Пора было уходить; какие-то женщины, почуяв деньги, окружили пришельцев, подталкивая вперед заплаканных ребятишек и протягивая руку за подаянием. Жалкий квартал голытьбы с громадами заброшенных строений был взбудоражен, вопль отчаяния несся над мертвыми улицами, где на мраморных табличках красовались громкие названия. Что делать? Всем ведь не подашь! Оставалось бежать с печалью в сердце, убедившись, сколь бессильна благотворительность.
Бенедетта и Дарио поспешили к экипажу и сели; тесно прижавшись друг к другу, обрадованные, что избавились от этого кошмара. Бенедетта, впрочем, была очень довольна, что проявила такое мужество в присутствии Пьера, и, как растроганная ученица, пожала ему руку, когда Нарцисс объявил, что не отпустит аббата и поведет его завтракать в трактир на площади св. Петра, откуда открывается любопытнейший вид на Ватикан.
— Отведайте белого винца Дженцано, крикнул им вдогонку разом повеселевший Дарио. — Лучшее средство прогнать мрачные мысли.

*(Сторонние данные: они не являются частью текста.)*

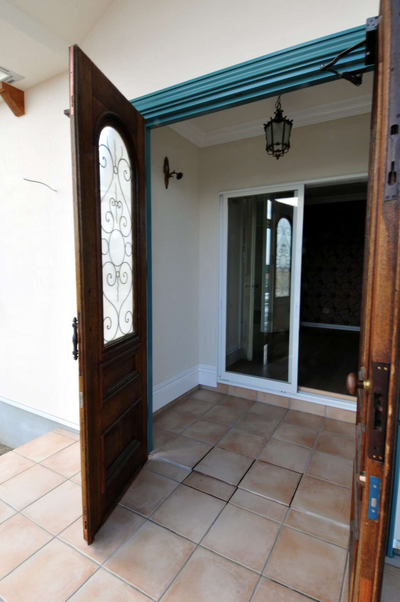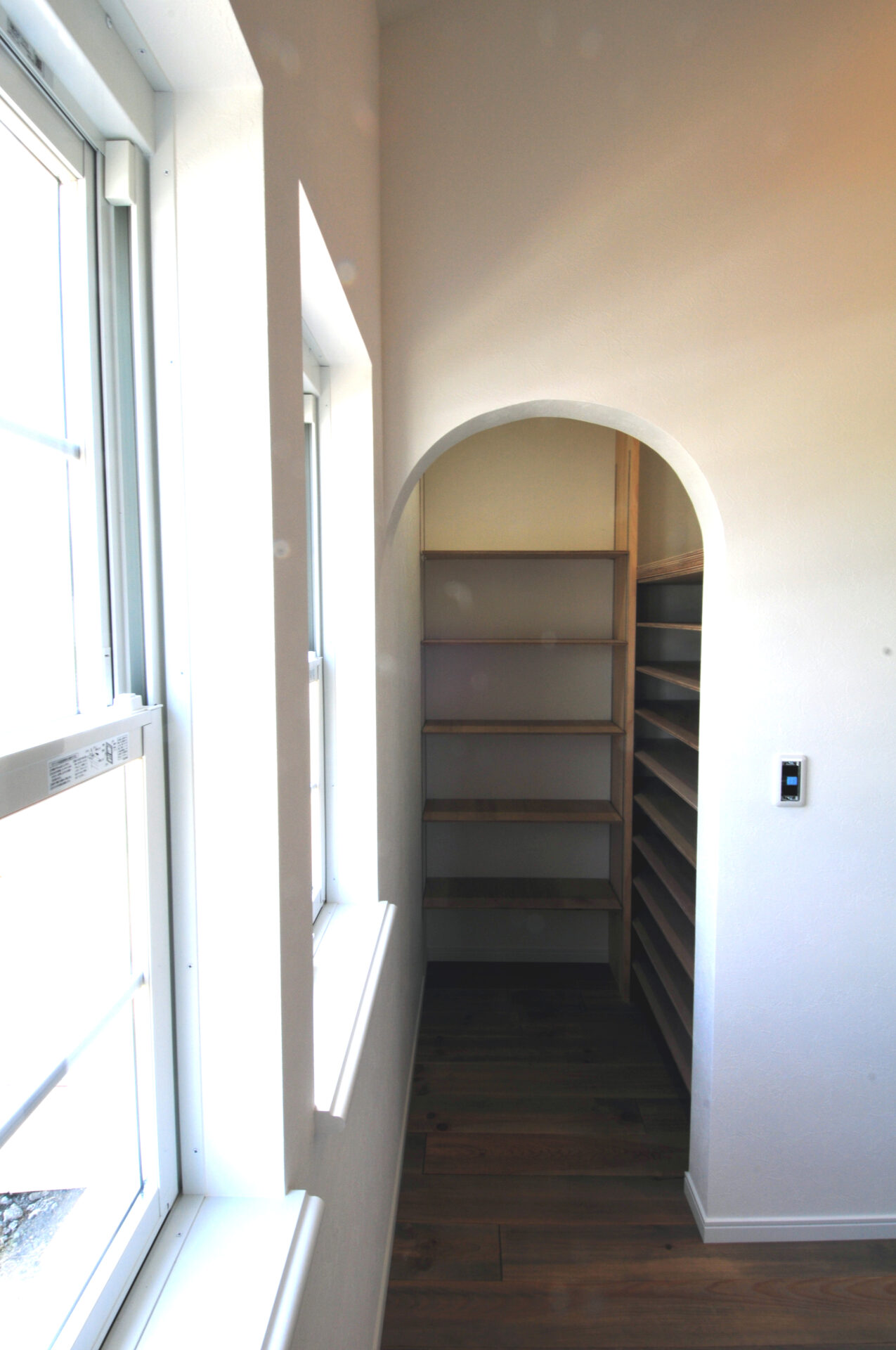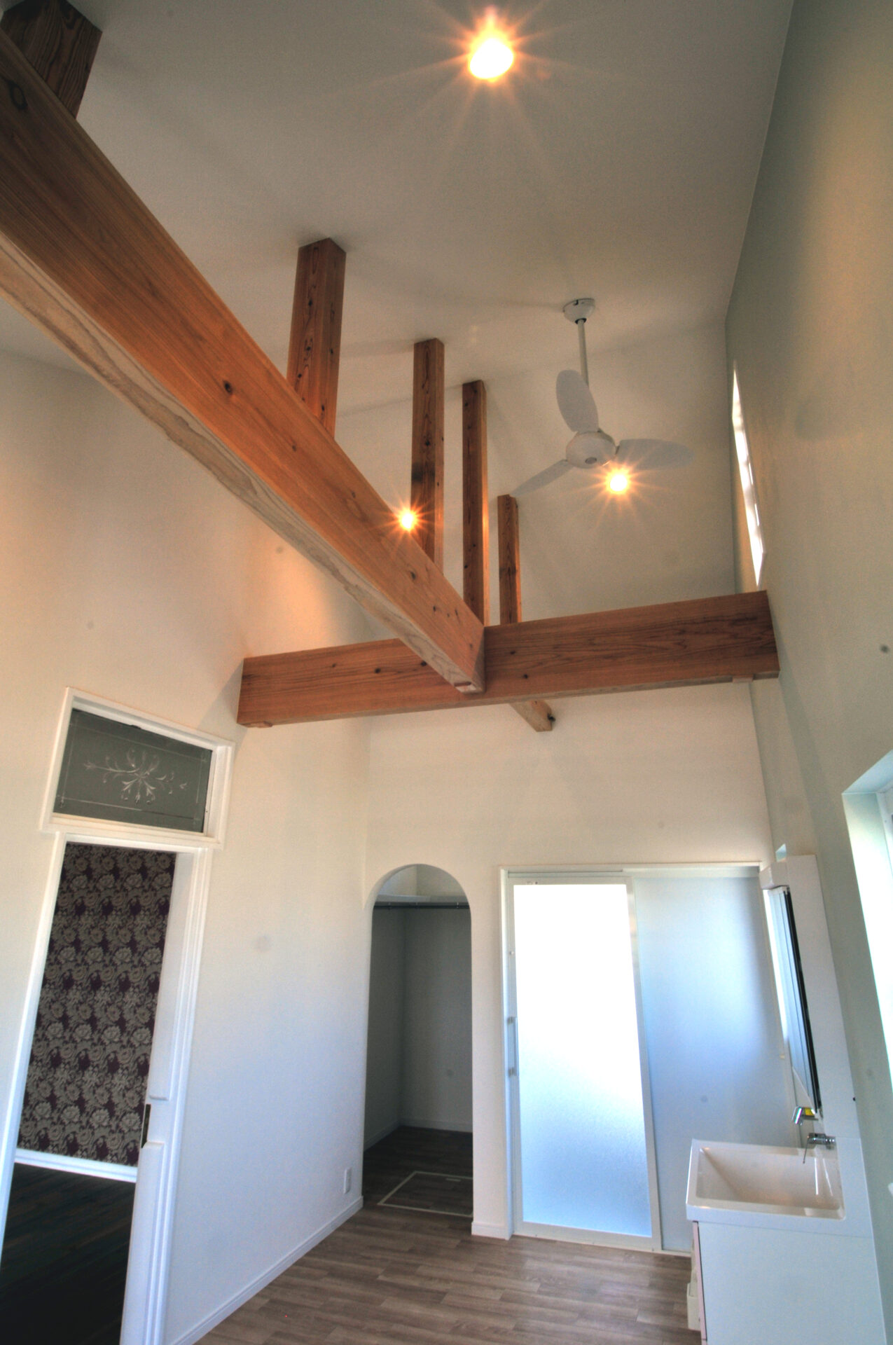 ドアや照明などに本物のアンティークを使用した教会のような住まいです。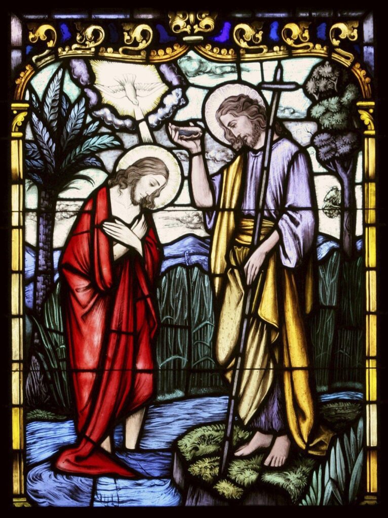 Christ’s baptism by John the Baptist at the Jordan River is depicted in a stained-glass window at St. Therese of Lisieux Church in Montauk, N.Y. The feast of the Baptism of the Lord, celebrated Jan. 13 in 2008, marks the end of the Christmas season. (CNS photo/Gregory A. Shemitz, Long Island Catholic) (Dec. 11, 2007)

Но Пьер был ненасытен, он жаждал подробностей. По дороге он продолжал расспрашивать Нарцисса о римском простонародье, о его жизни, привычках, нравах. Люди тут были почти совершенно невежественны. К тому же в столице не было промышленности, не велась торговля с другими городами. Мужчины занимались каким-нибудь ходовым ремеслом, которое находило спрос в городе. Среди женщин были бисерщицы, вышивальщицы; кое-кто промышлял изготовлением предметов религиозного культа, медалей, четок, а также украшений, которые распространены в этих местах. Но стоило женщине выйти замуж, она обзаводилась кучей ребятишек, каким-то чудом выраставших без присмотра, и бросала работу. В общем, эти люди перебивались кое-как, работая ровно столько, чтобы не умереть с голода, довольствуясь овощами, макаронами, хлебом, скверной бараниной, не ропща, не имея лучших видов на будущее, прозябая изо дня в день в заботах о бренном существовании. У них были только два порока: пристрастие к игре и вину, красному и белому, из виноградников римских предместий, — вино это было причиной ссор и убийств, и в праздничные вечера, на улицах, перед дверьми кабачков, издавая предсмертные хрипы, валялись жертвы поножовщины. Девушки не были слишком распутны, тех, что отдавались до брака, можно было назвать наперечет. Это объяснялось тесной спаянностью семьи, всецело подчиненной власти отца. Да и братья стояли на страже сестринского целомудрия, подобно Тито, который был так суров с Пьериной и оберегал ее с яростным усердием не столько в силу бессознательной ревности, сколько ради сохранения доброго имени, фамильной чести. И все это — при отсутствии подлинной религиозности, при самом ребяческом идолопоклонстве, ибо сердца простых людей обращены были к мадонне и к святым, только они и существовали в представлении этих верующих, к ним возносились все молитвы, минуя бога, о котором никто и не помышлял.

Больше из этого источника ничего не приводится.